The kidney transplant biopsy findings in acute TMA are similar to those of the native kidneys, including mucoid intimal edema, arteriolar or glomerular capillary loop fibrin thrombi, endothelial swelling with occlusion of capillary loops, and mesangiolysis [30].

Eculizumab use for post-transplant aHUS recurrence was first reported in 2009 [31], and it is effective in the treatment and prevention of recurrent cTMA [32] [33] [34] [35].

In this study, we present our center’s comprehensive long-term outcome of adult kidney transplant recipients with cTMA and those who developed dnTMA post-transplant.

Methods

Study population and data collection

We conducted a retrospective study including all adult patients ≥ 18-year-old kidney transplant recipients with cTMA and those who developed dnTMA post-transplant between January 2000 and December 2020 in our center. The study was approved by the Johns Hopkins Hospital’s Institutional Review Board. The data were collected from the electronic medical records.

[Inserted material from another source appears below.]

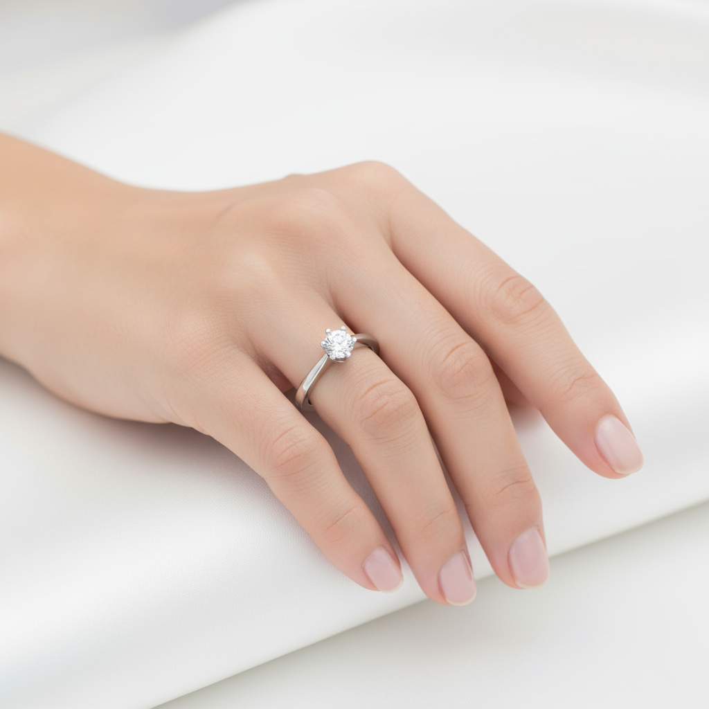 Este elegante anel solitário é confeccionado em prata , oferecendo brilho duradouro e excelente resistência à oxidação. O destaque é a pedra central, fixada em uma tradicional cravação de seis garras, que garante estabilidade e maximiza o brilho. Possui aro levemente anatômico com acabamento polido e estrutura firme, ideal para o uso diário.

TMA before transplant, or cTMA, was defined as the disorder in the native kidneys that led to ESKD. While dnTMA was defined as any TMA disorder that occurred post kidney transplant in patients for whom the native kidney disease was not caused by cTMA. All kidney biopsy obtained in the dnTMA were for clinical cause.

We sought to compare between TMA before and after a transplant to provide insights into the pathogenesis, risk factors, and outcomes associated with TMA in the context of transplantation.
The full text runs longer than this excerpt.